→ **Task description**
The response must consist of the lines below from the one with "今日は、皆様お一人づつ、桂剥きをして頂きました。" through the one with "三點十五分在蠔涌起步,臨下車", exactly as they appear and with both ends kept.

→ **Data shown**
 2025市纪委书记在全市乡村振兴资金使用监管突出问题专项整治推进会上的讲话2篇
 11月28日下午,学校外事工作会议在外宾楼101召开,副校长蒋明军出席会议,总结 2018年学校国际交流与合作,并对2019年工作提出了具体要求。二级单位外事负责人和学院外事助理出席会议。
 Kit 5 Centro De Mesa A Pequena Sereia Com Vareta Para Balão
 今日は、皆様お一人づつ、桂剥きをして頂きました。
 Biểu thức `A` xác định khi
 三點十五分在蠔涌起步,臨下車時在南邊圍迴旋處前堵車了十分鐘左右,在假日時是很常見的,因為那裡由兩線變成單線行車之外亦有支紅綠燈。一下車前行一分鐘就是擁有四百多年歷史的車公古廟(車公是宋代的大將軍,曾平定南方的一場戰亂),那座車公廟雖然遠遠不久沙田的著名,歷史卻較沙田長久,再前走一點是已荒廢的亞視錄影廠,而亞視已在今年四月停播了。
--
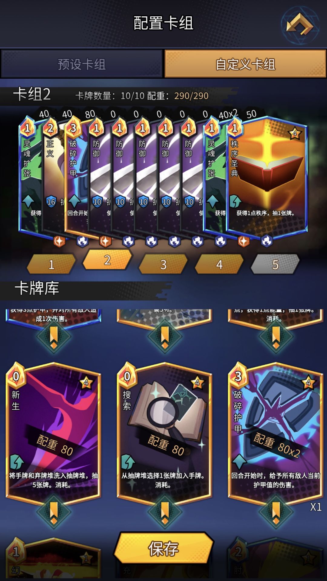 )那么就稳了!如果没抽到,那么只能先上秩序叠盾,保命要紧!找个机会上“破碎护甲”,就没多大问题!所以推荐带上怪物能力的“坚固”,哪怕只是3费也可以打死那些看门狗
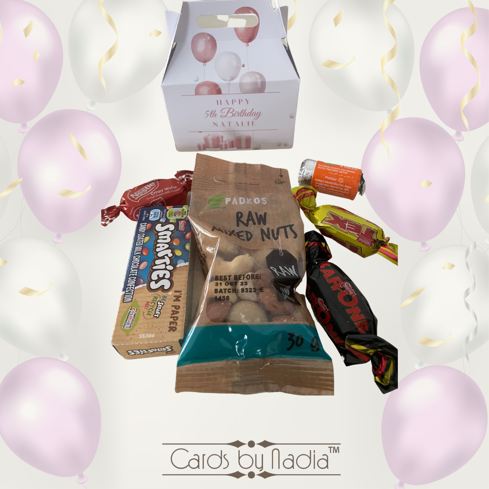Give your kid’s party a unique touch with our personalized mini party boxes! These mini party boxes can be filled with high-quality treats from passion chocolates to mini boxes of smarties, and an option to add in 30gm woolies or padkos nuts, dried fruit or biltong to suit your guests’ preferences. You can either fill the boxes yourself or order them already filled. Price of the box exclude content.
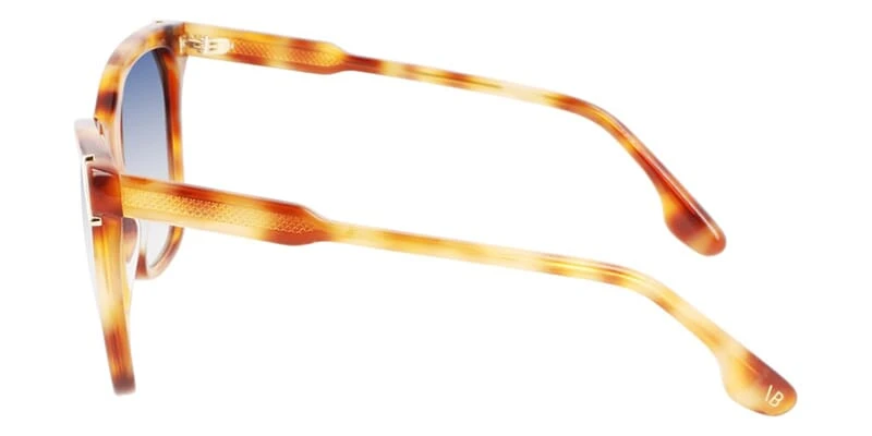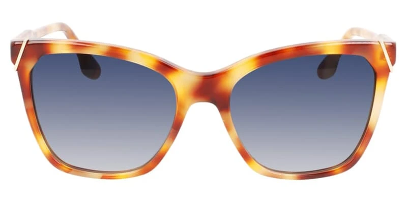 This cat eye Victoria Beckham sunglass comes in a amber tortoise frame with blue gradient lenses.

→ **Result of the exercise**
 今日は、皆様お一人づつ、桂剥きをして頂きました。
 Biểu thức `A` xác định khi
 三點十五分在蠔涌起步,臨下車時在南邊圍迴旋處前堵車了十分鐘左右,在假日時是很常見的,因為那裡由兩線變成單線行車之外亦有支紅綠燈。一下車前行一分鐘就是擁有四百多年歷史的車公古廟(車公是宋代的大將軍,曾平定南方的一場戰亂),那座車公廟雖然遠遠不久沙田的著名,歷史卻較沙田長久,再前走一點是已荒廢的亞視錄影廠,而亞視已在今年四月停播了。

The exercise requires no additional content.